# hammertoe correction (multiple)?



## NJcoder (Jun 19, 2009)

Hi,
when coding multiple hammertoe correction would you code 28285 with appropriate modifiers for each toe?
Example:  28285-TA, 28285-T2, 28285-T3??

I'm getting an edit.  Thanks Much!


----------



## mbort (Jun 19, 2009)

the T modifiers "should" technically be enough however I have carriers that do not recognize them, therefore I have to use the 59 modifier as well.

Hope this helps,
Mary, CPC, COSC


----------



## Lisa Bledsoe (Jun 19, 2009)

I agree with Mary.  T modifiers should be adequate.  Is your edit from your payer or your coding software?


----------



## MarciaH (Jun 19, 2009)

When doing multiple toes we use the T modifiers and the modifier -59.


----------



## TammyHF (Jun 21, 2009)

When I submit a multiple hammertoe repair I submit the procedure on one line with multiple units with appropriate T-modifiers. When there is more than four hammertoes being done I use the 99 modifier then enter the appropriate T-modifiers on box 19 on the CMS-1500 form. Examples:

28285 x 3 T2, T3, T4

28285 x 5 99 Box  19  T2, T3, T4, T6, T7


----------



## mitchellde (Jun 21, 2009)

T modifiers are anatomic modifiers and you are allowed only one anatomic modifier per line item.  So listing them all on one line with multiple units is not correct.  The reason some of you have problems using these is that these are traditionally used for ASC and outpatient facility billing and only in recent years have they been accepted for the physician bill.  Therefore you may still have some payers on the physician side that have an issue with these.  So chose either the 59 or the T modifiers but not both.
Debra Mitchell, MSPH, CPC-H


----------



## bharathiT (Jan 24, 2019)

*T-Modofiers on singlr line item?*

Left foot: 4th toe:, entire toenail was removed. 
Right Foot: 3rd toe:, entire toenail was removed.  
Procedure :Applied sodium hydroxide for the matrixectomy per standard procedure and then neutralized with acetic acid.  

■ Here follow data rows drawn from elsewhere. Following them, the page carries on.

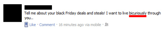 This incredible spelling of "vicariously."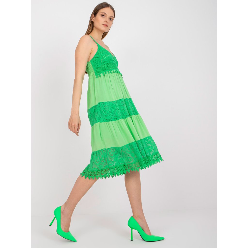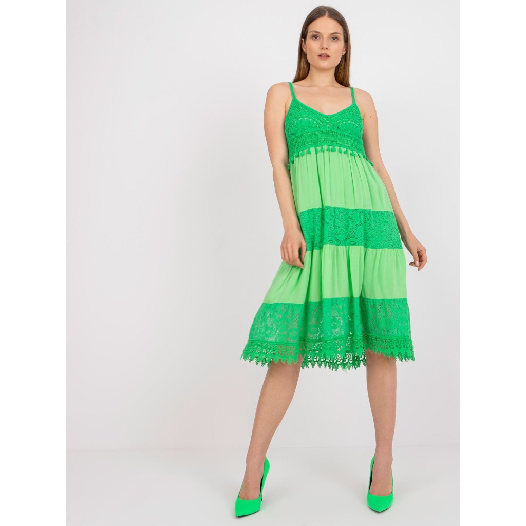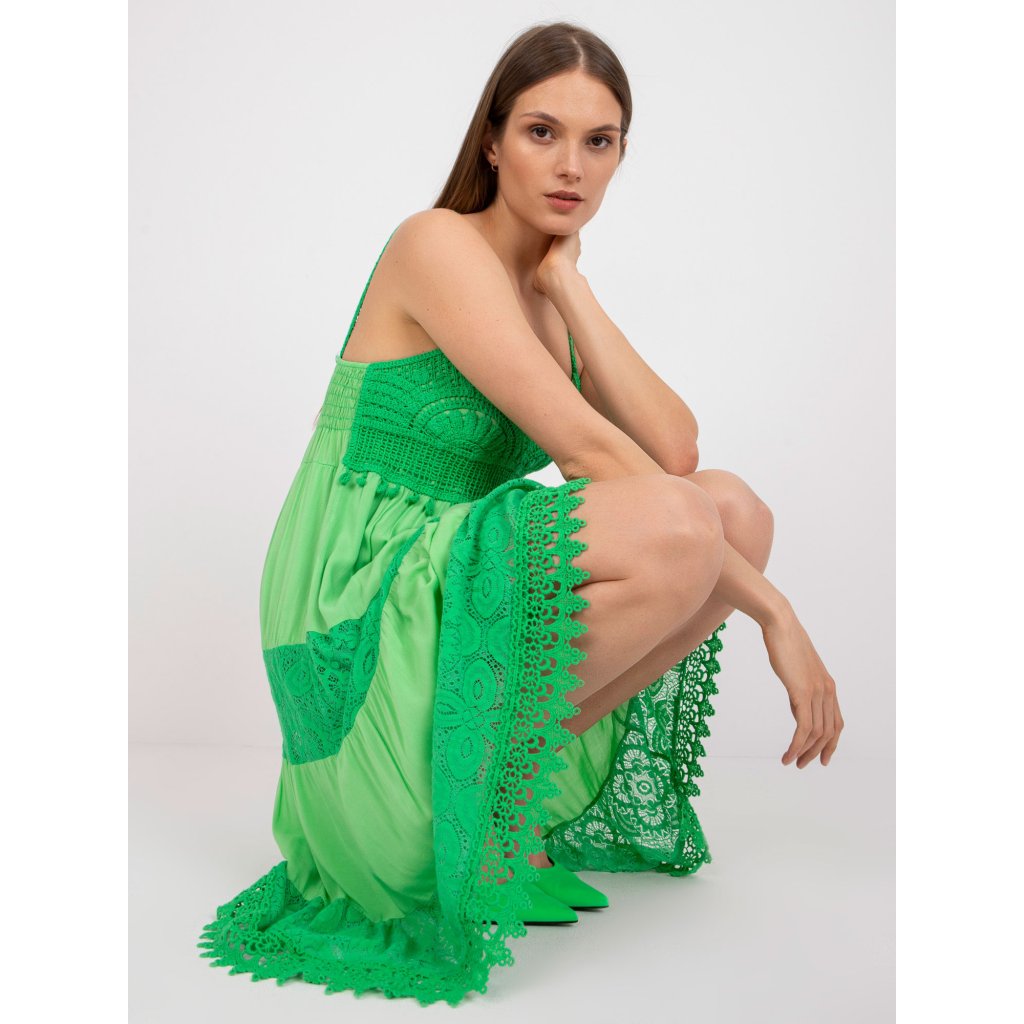 Modelka má na sebe veľkosť S. Rozmery modelu: výška 173 cm, hrudník 82 cm, pás 62 cm, boky 91 cm.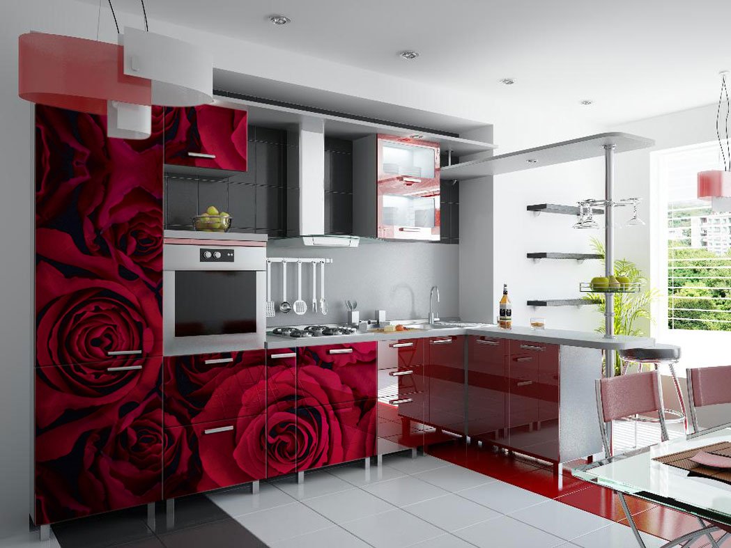 Красивые кухни красного цвета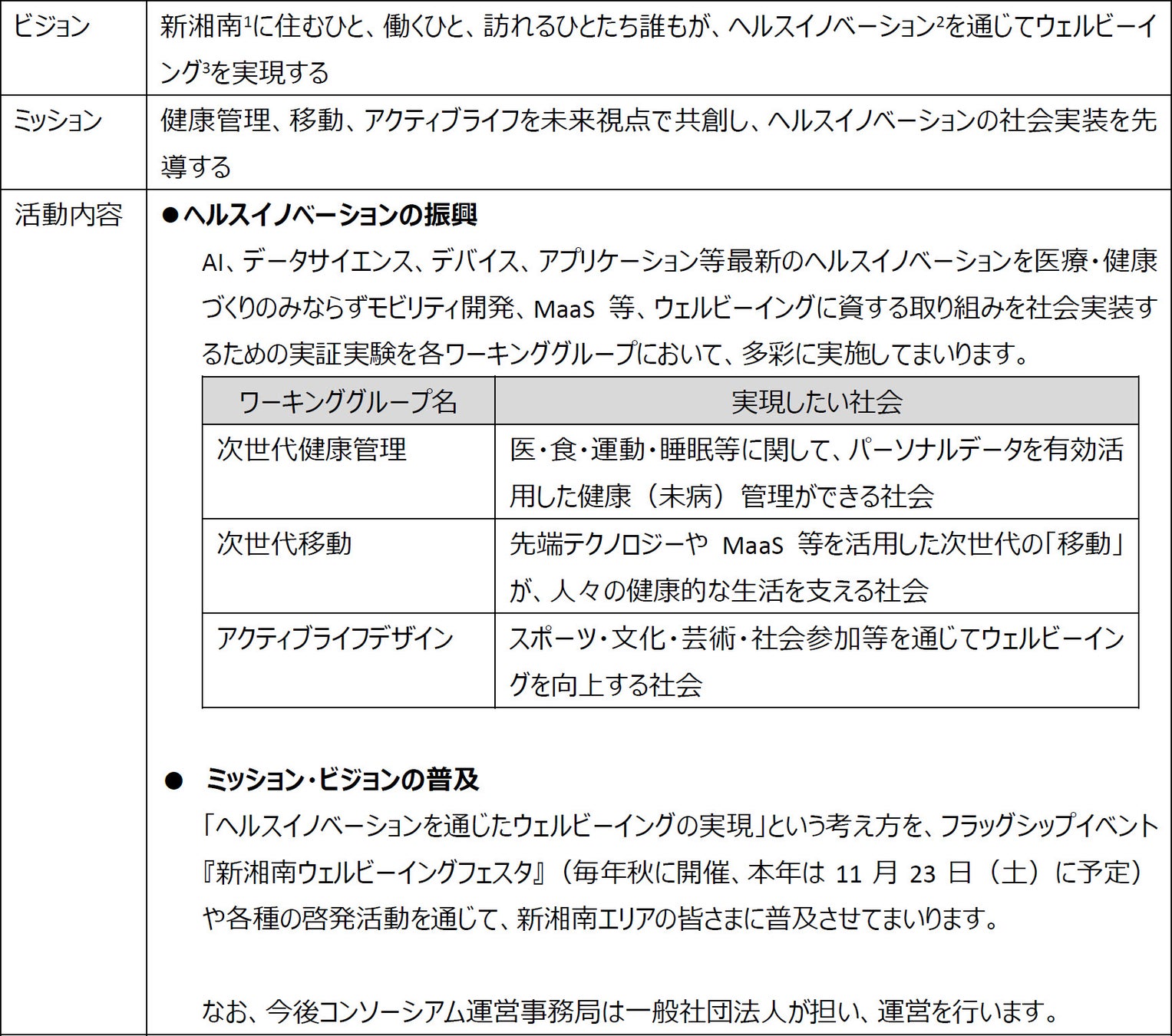 新湘南ウェルビーイングコンソーシアムおよび新湘南ウェルビーイング協議会のビジョン、ミッション、および活動内容等は以下の通りです。

Can we code 11750 with T3 & T7 on single line item or code 11750 -T3 AND 11750 -51,T7 ?

Kindly clarify this


----------



## sevvie200 (Jun 7, 2019)

bharathiT said:


> *T-Modofiers on singlr line item?*
> 
> Left foot: 4th toe:, entire toenail was removed.
> Right Foot: 3rd toe:, entire toenail was removed.
> ...


We code it on separate lines for each P&A.  We don't use 51 as the T modifiers are enough for our payers, at least so far...


----------